[Xr] Can the xrs argument be removed?

Bill Spitzak spitzak at d2.com
Thu May 22 18:34:44 PDT 2003


On Thursday 22 May 2003 02:45 pm, Owen Taylor wrote:

> You can write
>
>  void MyCoolXrDemo (XRenderState *xrs);
>
> 100% as easily.

My problem is not with this extra argument, but in getting the value of this 
extra argument from deep inside a number of nested calls in some existing 
software that was not written to pass this extra argument down.

>  - Possible performance if you can get the context fast enough...
>    pthread local storage is relatively slow, but the __thread variable
>    extension that has been showing up recently for GCC/GLibc is
>    likely faster than argument passing.

I would think the main possible performance improvement is if there is code 
that must be executed when a state changes. It removes the overhead of a "if 
(xrs != previous_xrs)" test in every call, and maybe more expensive tests if 
this is supposed to be thread-safe. I suppose also it removes one value being 
copied to a register or the stack for each call. Conversely it adds all the 
overhead of an entire call when the state is changed, and likely software 
will call XrSetState more often than necessary.

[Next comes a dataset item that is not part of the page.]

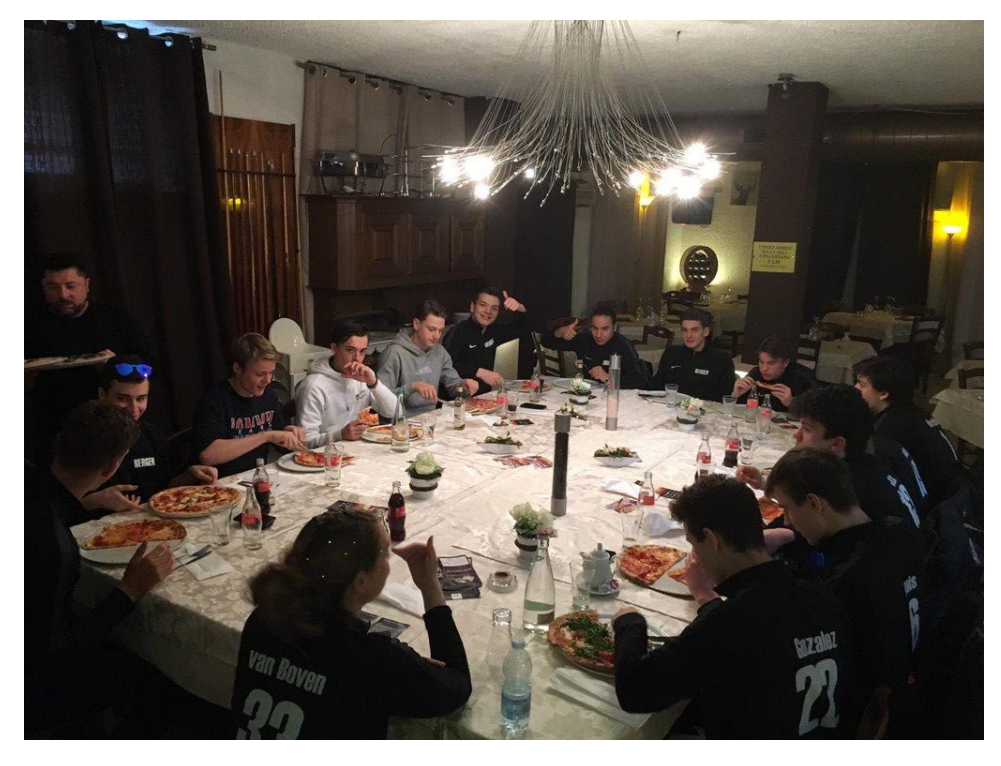
The Boys' volleyball team enjoying a cozy and proper Italian meal after a long and exhausting day playing football.

Saturday, the last and long-awaited day, when the students from the 19 schools had to perform in the aquathon. This was the last strike of Eurosport and Bergen was prepared for the challenge. The competition consisted of running 600 meters, swimming 50 meters and running 200 meters before reaching the start line where the player had to hand the baton to the next athlete who would take over and repeat the same circuit. 20 students had to participate in this last contest of the Eurosport's tournament 2019, and Bergen was able to perform consistently in the last game before returning home.

So my guess is that 
performance is not really going to be any better or worse.

>  - Trouble mapping the API into object oriented languages.
>    And while Xr may be a C API, most people will probably
>    being using it from Python, Java, C#, etc in the long
>    term.

This may be true if you have objects that are ready to draw all the time. 
However in my experience a typical toolkit has a draw() method that the main 
toolkit code calls when drawing is needed. In this case it is easier for the 
toolkit to defer creation and management of the XrState until it is ready to 
call this method. Also there is probably the overhead of adding a this->xrs() 
call to every Xr call, C++ compilers currently are probably not smart enough 
to realize that this pointer does not change when other methods on this are 
called. If you eliminate that call by "wrapping" all the Xr calls then you 
have the problem that the user cannot call any new functions in Xr until the 
toolkit is updated.

Also an XrState may be judged too expensive to have a different one for each 
object, in which case this has no advantage for OO programming at all.

>    What does XrFill() look like if there is no XrState object?

Just like that: XrFill()

>  - Less obvious operation, especially if you want to mix
>    operations on multiple surfaces.

This I would admit is the biggest problem. People may write code that calls 
XrSetState many many times and completely destroy performance if Xr was 
written to assume it will be called rarely.